The American East leading Boston Red Sox, however, picked up a game on both the Blue Jays and Orioles with a 6-5 win over the New York Yankees, and are now up by three.

"Being my first time around it, it does make it a little tougher because we understand every single pitch, every single inning, every single game, they count a lot," Devon Travis, who had three hits but also made a base-running blunder, said of the challenge in handling September’s emotional swings. "So it makes it a little bit tougher for sure."

Liriano certainly pitched well enough for the Blue Jays to keep pace, allowing four runs, two earned, on six hits and two walks over six innings. He generated 12 groundball outs with a two-seamer that moved all over the place and surrendered very little hard contact, a strong follow-up to his 6.1 innings of two-run ball Monday against the Rays.

"Really he has everything working right now," said Gibbons. "He has a good fastball. He doesn’t throw anything straight. He’s throwing a nice changeup and he’s got his slider. Against a predominantly right-handed hitting team, he pitched good enough to win, we just couldn’t score."

Albert Pujols opened the scoring in the second by fishing out a slider down in the zone and sending it over the wall in left for his 30th homer, joining Hank Aaron, Barry Bonds and Alex Rodriguez as the only players to reach the plateau 14 times.

The remaining runs the Blue Jays surrendered were preventable.

In the fourth, Andrelton Simmons led off with a walk, advanced two bases on a wild pitch and scored on Shane Robinson’s RBI single. Liriano then picked off Robinson who had taken off for second but Justin Smoak hesitated on the throw to second, allowing the runner to slide in safely.

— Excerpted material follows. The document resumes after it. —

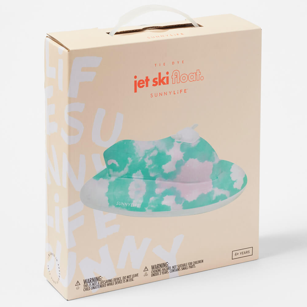 Ride those waves in style with this Jet Ski float from Sunnylife. Finished in a totally cool tie dye pattern, this jet ski-shaped float is ready for fun all summer long.
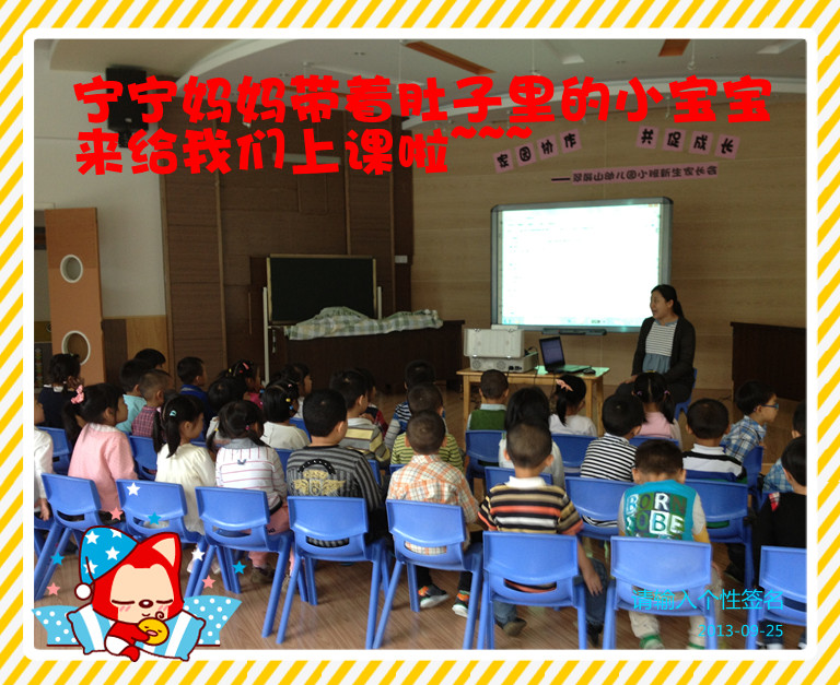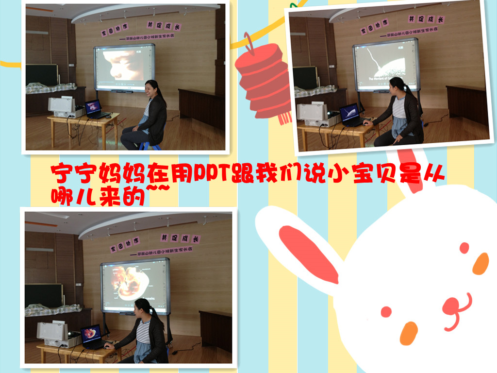今天宁宁妈妈带着肚子的小宝宝来给我们上课啦!!宁宁妈妈告诉我们从爸爸的身体里取一个精子,妈妈的身体里取一个卵子,精子和卵子结合在一起放进妈妈的肚子里,就有了小宝宝。太神奇了!!

"It was frustrating a little bit," Liriano, in comments interpreted by Josue Peley, said of the Robinson single. "I thought I did a good job, I threw a pitch high and away a little bit, the guy put a good swing on it."

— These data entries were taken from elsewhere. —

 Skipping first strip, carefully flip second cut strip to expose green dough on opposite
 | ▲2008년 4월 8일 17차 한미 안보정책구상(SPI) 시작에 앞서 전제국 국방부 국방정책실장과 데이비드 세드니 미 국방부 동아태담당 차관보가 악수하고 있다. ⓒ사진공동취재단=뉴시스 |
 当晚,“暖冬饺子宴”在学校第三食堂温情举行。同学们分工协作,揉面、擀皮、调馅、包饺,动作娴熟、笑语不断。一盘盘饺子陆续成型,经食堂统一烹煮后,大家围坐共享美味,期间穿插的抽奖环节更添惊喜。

Smoak’s inability to get Robinson at second didn’t cost the Blue Jays, but his error on a Mike Trout chopper in the sixth did, as Kole Calhoun eventually came around to score on a Jefry Marte groundout that would have been the third out. Simmons followed with an RBI single that made it 4-0 before Liriano struck out Carlos Perez to close out his outing.

"It was a difficult game, I just tried to keep the team in the game and I think I did pretty well," said Liriano, adding later: "I have a good rhythm going on, I have good communication with (Russell Martin) and I’m making sure to follow the flow of the game. Everything is working pretty well for me."

In the seventh, Josh Donaldson’s two-out throwing error on a Yunel Escobar grounder led to Calhoun’s RBI double and Trout’s run-scoring single.

By that point the Blue Jays had squandered multiple chances to open things up.

In the second, Martin led off with a single, promptly stole second base but was stranded there. The next inning Travis and Donaldson reached to open the inning but again the Blue Jays came up empty. Travis led off the fifth with a double but was thrown out at third trying to advance on Donaldson’s grounder to short, squelching another potential rally.

"That sucked," said Travis. "I was trying to err on the aggressive side, that’s something I did also, probably about a week ago, obviously it was the wrong decision, and it wasn’t too good."

Said Gibbons: "I’d be very surprised if it happens again to him. Really, the play is right in front of you and you have to remember too, who are the guys going to be at the plate anyway. You don’t want to make an out there. Nobody tries harder or feels worse than he does. But he’ll learn from that, I would definitely bet."

Even the eighth, when the Blue Jays finally put a run up on the board, was messy, as Edwin Encarnacion and Jose Bautista went back to tag on Troy Tulowitzki’s smash off the right-field wall, with Bautista barely making it to second ahead of Calhoun’s throw. A Melvin Upton Jr., sacrifice fly was all they managed there.

Liriano’s performance aside, it all made for a forgettable night, one the Blue Jays are fortunate didn’t hurt them as badly as it might have. Sunday’s series finale and another chance to make up ground looms, before a pivotal run of 13 games against direct competitors for the post-season begins.